Exercise aim: Print the entries below exactly as they appear, from the first line up to and including the line with "另外,后勤管理服务中心还于近". Do not print any pictures.
________________
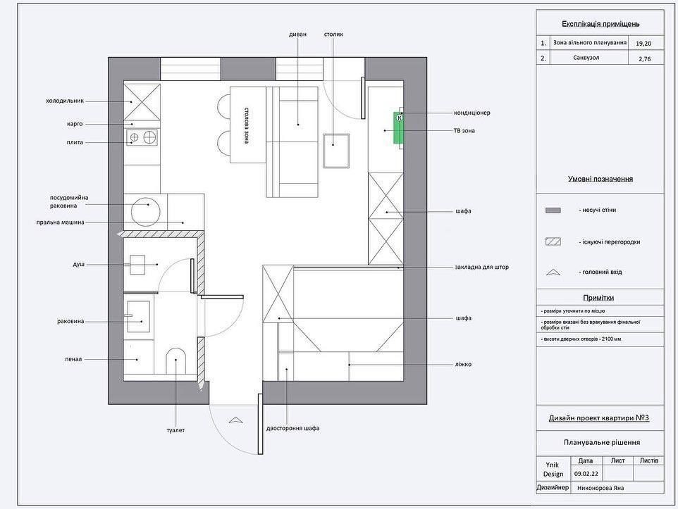 • Общая площадь 20 м2
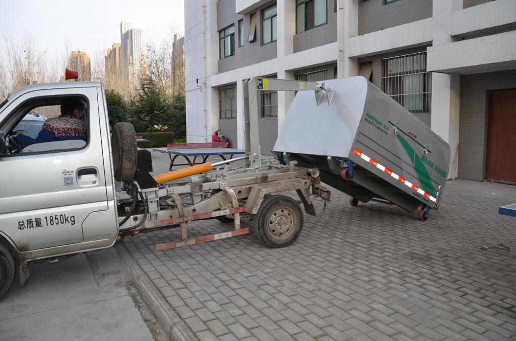 另外,后勤管理服务中心还于近日投资20余万元购买了20个可卸载式垃圾车厢。该车厢有液压升降装置,按动按钮,车载垃圾箱便挂在液压升降装置上,垃圾筒就可升起,该车可直接开赴至垃圾站。电动垃圾清运车对师生日常生活垃圾进行密封运输,在运输途中不会出现垃圾沿路抛撒的情况,避免了对环境造成的二次污染。
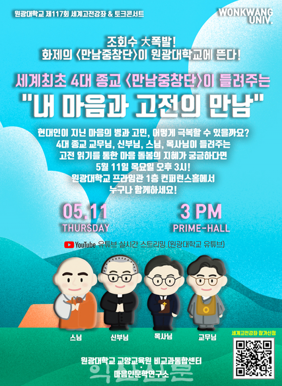 ¿ø±¤´ëÇб³(ÃÑÀå ¹Ú¼ºÅÂ) ±³¾ç±³À°¿ø ºñ±³°úÅëÇÕ¼¾ÅͰ¡ ÁÖ°üÇÏ´Â ¼¼°è°íÀü°Á°¡ ¡®³» ¸¶À½°ú °íÀüÀÇ ¸¸³²¡¯À» ÁÖÁ¦·Î ¿À´Â 11ÀÏ ±³³» ÇÁ¶óÀÓ°ü ÄÁÆÛ·±½º Ȧ¿¡¼ ÁøÇàµÈ´Ù.
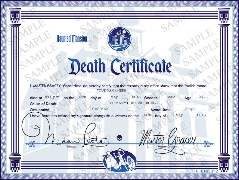 Haunted Mansion Death Certificate Digital Download 8 5 quot X 11 quot Etsy
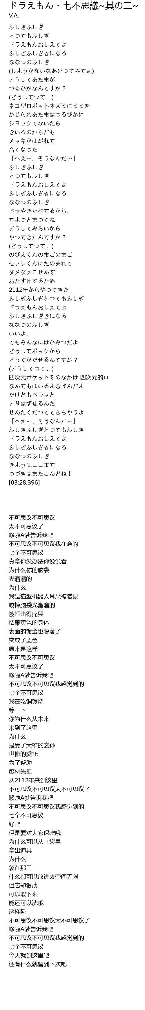 | [02:49.856] | 四次元ポケッ卜そのなかは 四次元的ロ |
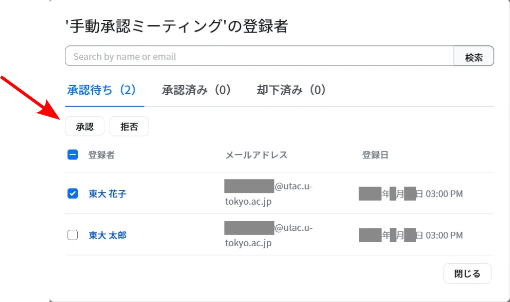 6. 承認したい参加希望者の左にあるチェックボックスをオンにして,「承認」ボタンを押してください.
________________
Exercise response:
 • Общая площадь 20 м2
 另外,后勤管理服务中心还于近日投资20余万元购买了20个可卸载式垃圾车厢。该车厢有液压升降装置,按动按钮,车载垃圾箱便挂在液压升降装置上,垃圾筒就可升起,该车可直接开赴至垃圾站。电动垃圾清运车对师生日常生活垃圾进行密封运输,在运输途中不会出现垃圾沿路抛撒的情况,避免了对环境造成的二次污染。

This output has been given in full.